Os ursos polares ou por outra, mantêm uma temperatura média interna de 37 graus. A razão pela qual eles suportam temperaturas extremas é que além de sua classe de pele espessa e dura, esses animais possuem uma classe espessa de gordura extra. Esta é a pretexto de sua termorregulação. No entanto, essa mesma classe é o que faz com que eles tenham um superaquecimento rápido e não suportem altas temperaturas.

Preguiças

Os ursos-polares ficam inativos a maior segmento do tempo (tapume de 66,6% de suas vidas). O superaquecimento é um dos principais fatores pelos quais essa espécie se move a baixa velocidade e geralmente se deitam para repousar.

Iguaria

Urso-polar e um pinguim

Os ursos podem manducar até 30 quilos de músculos no mesmo dia. Seu enorme estômago comporta entre 15% a 20% de seu peso corporal. Sua principal nascente de maná são as focas, mas também se alimentam de baleias encalhadas, cervos, aves marinhas entre outros animais de seu habitat. Eles têm 42 dentes afiados, que lhes permitem facilmente lamber suas presas.

Eles mergulham

Os ursos-polares conseguem permanecer submersos na chuva graças às adaptações de suas pernas. Eles mergulham para encontrar algas, caçar, se limpar ou reduzir a temperatura corporal. Estima-se que eles possam permanecer submersos por 2 minutos a profundidades entre 3 e 5 metros.

Sempre limpo

Esta espécie é extremamente limpa, porque depois de caçar e lamber suas presas, sempre dedica tempo para retirar com chuva e neve os sobras de animais de seu corpo.
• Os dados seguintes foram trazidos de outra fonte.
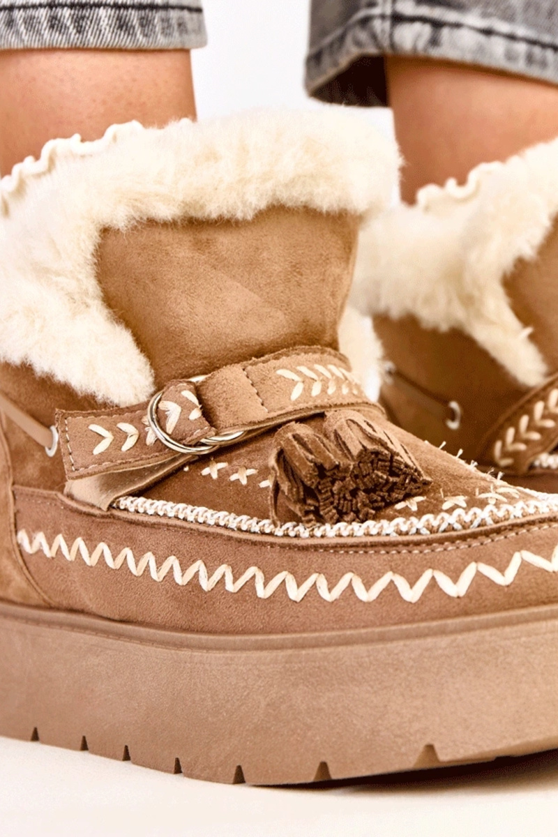 Jasnobrązowe śniegowce na platformie z frędzlami Maurisa

Os pesquisadores sugerem que por serem tão sensíveis ao olfato, sentem-se desconfortáveis ​​com o cheiro e precisam removê-lo imediatamente.

Rastreamento por satélite

A WWF e a Canon desenvolveram a instrumento online (Polar Bear Tracker) que nos permite seguir os movimentos dos ursos migratórios no arquipélago de Svalbard, na Noruega, no Mar de Beaufort, no Alasca, na Baía de Hudson e no Canadá. O uso de colares com dispositivos satélites ajuda a monitorar de perto seus movimentos, ampliar o conhecimento de seus hábitos e saber uma vez que eles estão afetando os impactos da mudança climática.

Monitoramento por satélite dos Ursos-Polares

Veja os Ursos-Polares no Planta

Em risco

O urso-polar é listado uma vez que uma espécie vulnerável na Lista Vermelha de Espécies Ameaçadas da União Internacional para a Conservação da Natureza. Segundo relatos do World Wildlife Fund, essas criaturas podem vanescer durante o próximo século se a devastação de seu ecossistema não for interrompida.